Лишь один день недели был особенным, даже не весь день, а один важный момент – пятница, восемь вечера, когда приходила Робин. Прекрасная квартира, в которой я сейчас живу, принадлежала не так давно, всего три года назад, ее родителям. Я называю ее не иначе как "дом". Светлый, просторный. Я влюбился в него, как только увидел, пусть для меня одного он и великоват: я один, вещей у меня не много. С возрастом я не приобрел ничего, в том числе страсти к накопительству.

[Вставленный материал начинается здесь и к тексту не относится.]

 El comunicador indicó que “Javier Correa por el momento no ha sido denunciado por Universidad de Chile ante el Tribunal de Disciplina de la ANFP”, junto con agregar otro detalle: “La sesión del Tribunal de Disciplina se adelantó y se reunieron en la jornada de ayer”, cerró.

На втором этаже до их пор есть комната, которую я не использую. Это старая комната Робин – она приходит туда каждую пятницу в восемь вечера и остается на пару часов, а то и до самого утра. Я не знаю, что она там делает, и выяснять не намерен – это глубоко личное дело, если через несколько месяцев после продажи дома она пришла ко мне с такой просьбой.

Я прекрасно помню тот день: пятница, восемь вечера. В дверь постучали, хотя имелся работающий звонок. Ко мне редко наведывались гости, в основной своей массе это были почтальоны, курьеры и религиозные фанатики. В такой день и час делать им тут было нечего. К тому же, если пришли по срочному делу, в дверь обычно звонят, настойчиво и долго.

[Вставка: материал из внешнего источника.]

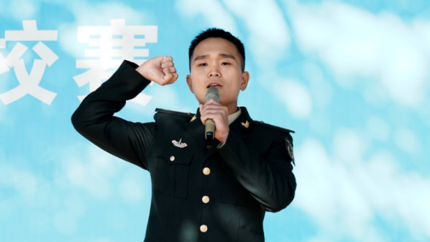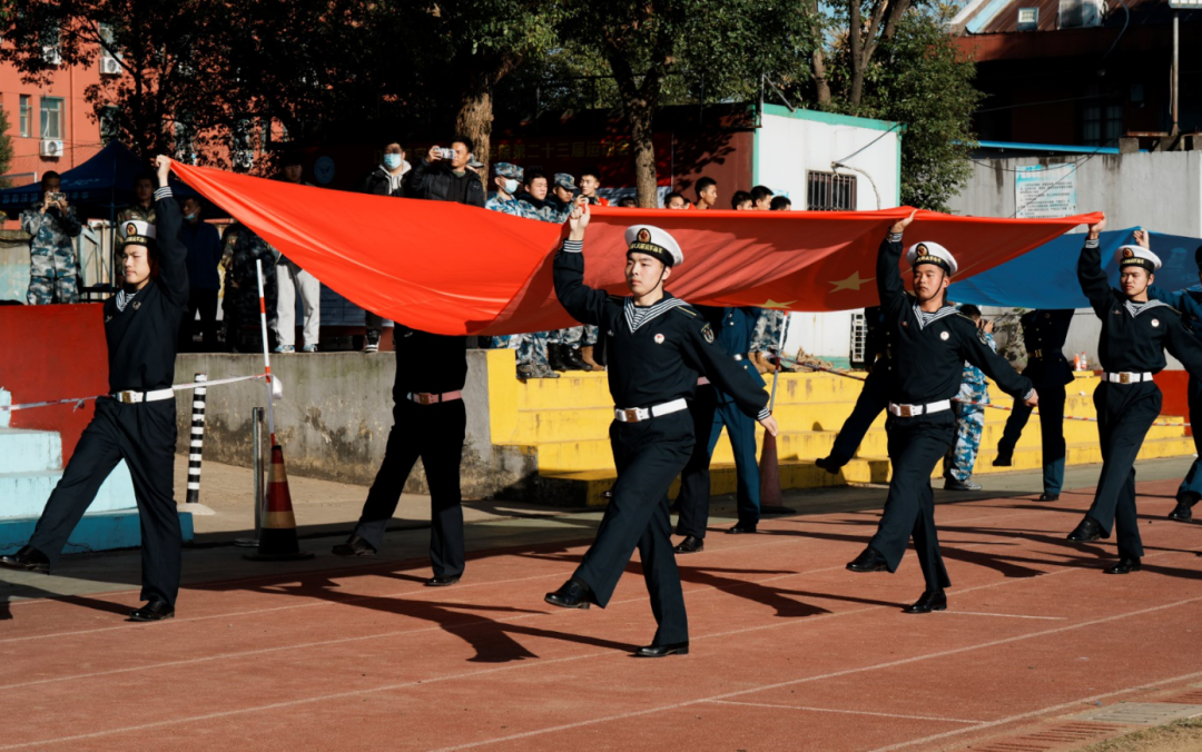 国旗手们精神饱满,目光坚定而锐利,以铿锵步伐护送五星红旗,全场师生庄严肃立,高唱国歌。

Я открыл. На пороге стояла Робин, я ее узнал, разумеется. Тонкая, как соломинка, она даже пошатывалась на ветру. Рыжие кудри сбились на одну сторону, превратив голову в колышущийся огонек. Она была так смущена, что слова давались с трудом.

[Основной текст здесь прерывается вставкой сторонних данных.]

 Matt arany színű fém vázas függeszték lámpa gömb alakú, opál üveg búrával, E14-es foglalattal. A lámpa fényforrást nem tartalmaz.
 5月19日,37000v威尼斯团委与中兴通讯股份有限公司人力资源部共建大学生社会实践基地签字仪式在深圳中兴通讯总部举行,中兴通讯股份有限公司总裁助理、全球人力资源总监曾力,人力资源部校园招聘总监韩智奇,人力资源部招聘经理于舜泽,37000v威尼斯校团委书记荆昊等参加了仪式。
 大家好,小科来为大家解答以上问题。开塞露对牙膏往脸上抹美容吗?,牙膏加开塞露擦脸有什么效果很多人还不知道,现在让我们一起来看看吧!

– Добрый вечер, мистер Махоуни. Вы, наверное, меня помните – я продала Вам эту квартиру не так давно, – выпалила она и резко замолчала.

– Здравствуй, Робин. Разумеется, я помню, – одобрительно улыбнулся я, хотя ее визит очень меня насторожил.

– Можно мне войти? Очень нужно с Вами поговорить, если Вы не заняты, конечно. Нет, не в том порядке, подождите, не отвечайте! – затараторила она и вцепилась руками в волосы. Те несколько раз, когда я видел ее в связи с покупкой квартиры, она вела себя сдержанно и отстраненно. Тогда я в эти игры не поверил, и не ошибся.

– Сперва, мистер Махоуни, не найдется ли у Вас минутки, чтобы поговорить со мной?

– Да, Робин, найдется.

– Не будете ли Вы против со мной поговорить?

– Если бы я был против, у меня не нашлось бы минутки, – улыбнулся я. – Конечно, проходи.

– О, Вы предвосхитили мой вопрос, – растерялась она.

– Какой же?

– Вопрос…можно ли мне войти? – смутилась Робин.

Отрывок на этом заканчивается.